Thursdays meeting could endorse Mr Judah, who was the Liberal candidate for Bentleigh at the 2018 state election, overturn the result and order a fresh preselection, or wait for further information.

Last week upper house Liberal leader David Davis, representing Opposition Leader Matthew Guy, and Sarah Henderson, representing federal Treasurer Josh Frydenberg, spoke in favour of the status quo.

State party president Robert Clark recommended that the partys constitutional committee examine the vote.

If the committee members loyal to Mr Clark decide the electoral irregularities are too great, then the preselection would be overturned by a vote of 10-9.

Party state secretary Sam McQuestin is yet to give a recommendation to the committee.

Over the summer the party secretariat, who have been installing a new membership database, took to calling members in an attempt to ascertain their eligibility, which is determined by residence of an electorate, length of party membership and payment of membership dues.

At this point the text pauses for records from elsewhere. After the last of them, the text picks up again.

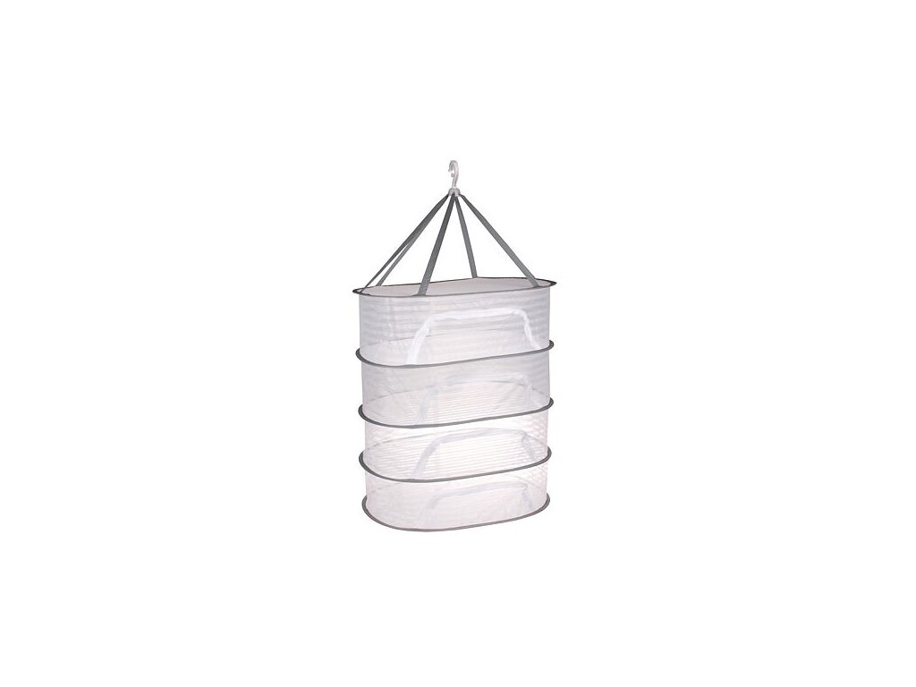 Závěsná sušící síť Multifunctional 4 nabízí jednoduché řešení pro sušení bylinek, květin, ovoce a hub. Síť oválného tvaru o rozměrech 40 x 60 cm a výšce jednoho sušicího patra cca 20 cm (4 patra celkem 85 cm) vytváří dostatečný prostor pro sušení rostlin. Síť snadno a rychle přichytíte za horní plastový háček, který na textilních popruzích drží síťku. Výhodou této skládací sítě o čtyřech patrech je přístup z boku na klasický zip. Sušte bylinky a rostliny v pohodlí domova se sušící sítí Multifunctional 4. Parametry: - šířka: 40 cm - délka: 60 cm - výška: 85 cm - hmotnost: 500 g - materiál: polyesterová síťovina, ocelové kroužky, plastová karabina - výhody: úspora prostoru, samostatná patra, jednoduché uskladněníDoplňkové parametry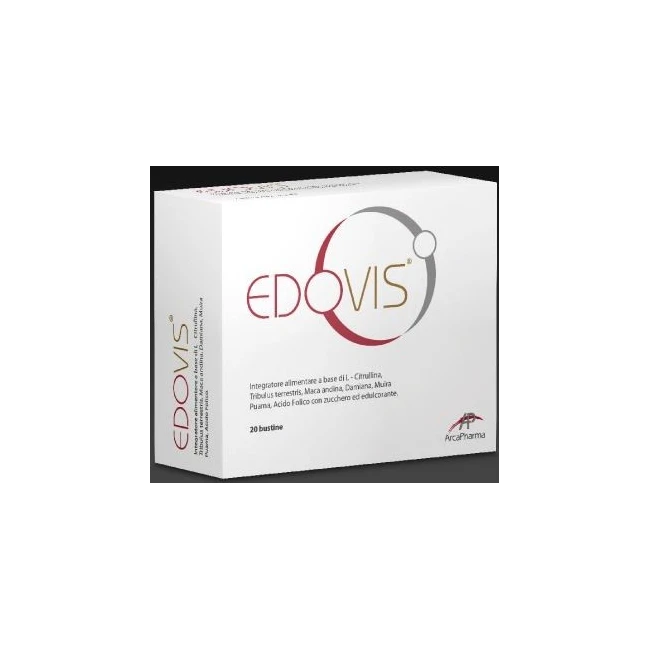 Edovis è un integratore alimentare a base di L-Citrullina, tribulus terrestris, maca andina, damiana, muira puama, acido folico con zucchero ed edulcorante.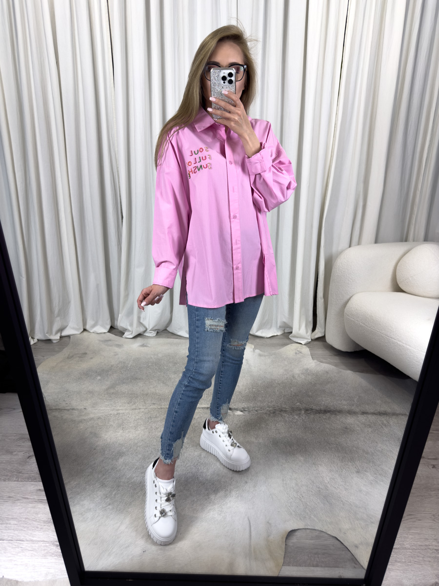 Różowa koszula popelinowa Sunshine Wiya – róż z przesłaniem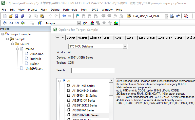 改用Ai8051U-32bit的芯片编译后debug仍报同样的错误。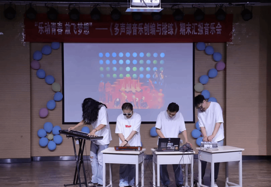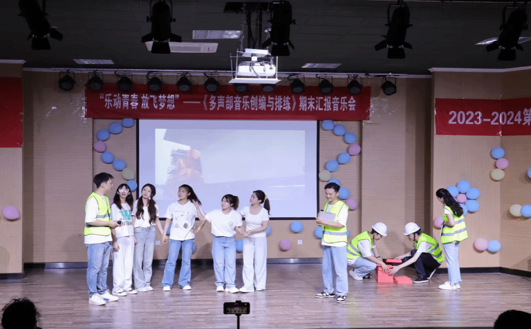 进入篇章三“诗画人间”,民乐四重奏所改编的《克罗地亚狂想曲》,将西方跨界钢琴音乐呈现出中国风效果,别具一格。三重唱改编的动画片《疯狂动物城》主题曲《Try Everything》则以其耳熟能详的动人旋律和深情演唱,让观众仿佛置身于电影中的奇幻世界。篇章四“岁月留声”加强思政元素融入音乐情景短剧《桥梁》和《梦想》,歌曲词曲创作皆出自学生的原创。《桥梁》致敬共建“一带一路”所有的参与者与建设者;《梦想》向观众讲述了关于音乐生追梦与成长的故事,感人至深。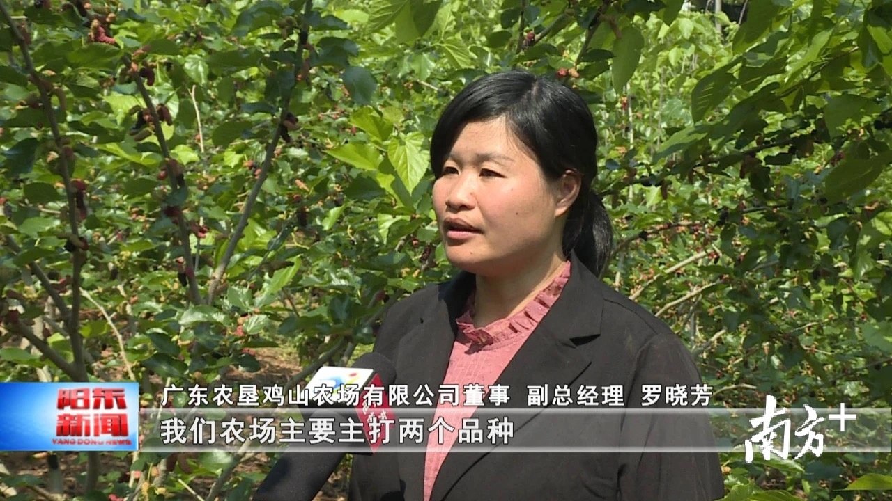 “我们农场主要主打两个品种,第一个是台湾超级长果桑葚,第二个是无籽大十桑葚,我们的无籽大十桑葚,它的亩产量达1400斤,那个台湾超级长果桑葚产量就会稍微低一点。”广东农垦鸡山农场有限公司董事、副总经理罗晓芳说。
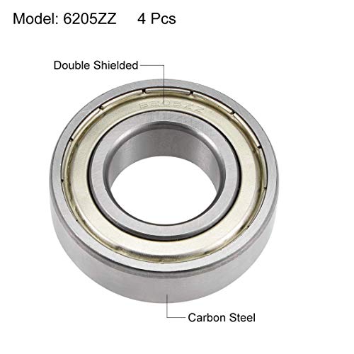 6205ZZ - Cuscinetti a sfera Z2, 25 x 52 x 15 mm, doppia schermata in acciaio al carbonio, 4 pezzi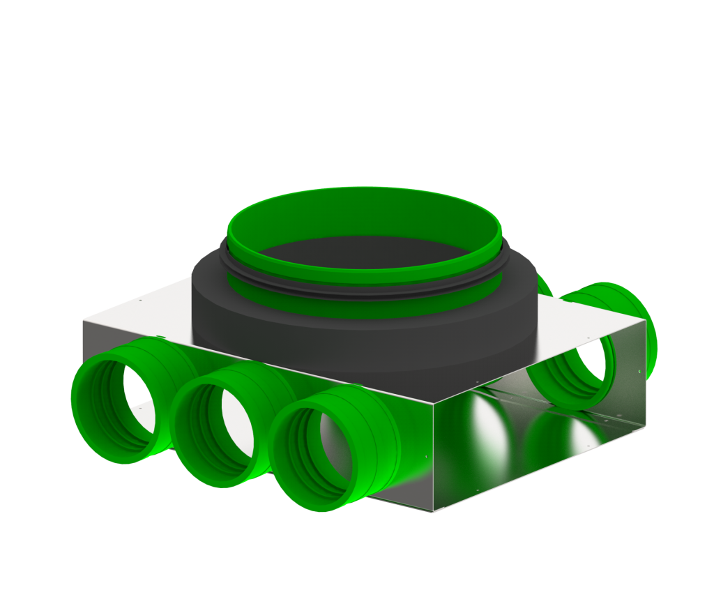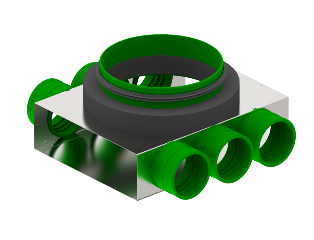 Łączenie przewodów w systemach wentylacyjnych, kompatybilne z elementami Wanas Steel. Skrzynka dolotowa łączy funkcjonalność z wysoką jakością wykonania, gwarantując trwałe, szczelne i ciche połączenia w nowoczesnych systemach wentylacyjnych.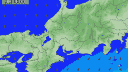 海況状況 台風9号はこのコースなら次の週末は東波になるので大丈夫(串本は除く)

In October the independent Electoral Boundaries Commission created the new seats of Ashwood, taking in Burwood and Box Hill, and Glen Waverley after scrapping the eastern seats Burwood (held by Labor), Ferntree Gully (Liberal), Forest Hill (Liberal) and Mount Waverley (Labor).

Analysts say the new seat is nominally held by Labor on a margin of 2.1 per cent. Burwood was held by Labor on 3.3 per cent.

The Liberal Party, which replaced Michael OBrien with former leader Matthew Guy in a September coup, must win back lost eastern suburbs seats, such as Ringwood, to have a chance of winning the state election in November. The Coalition has 28 fewer seats than Labor, and is behind in the polls.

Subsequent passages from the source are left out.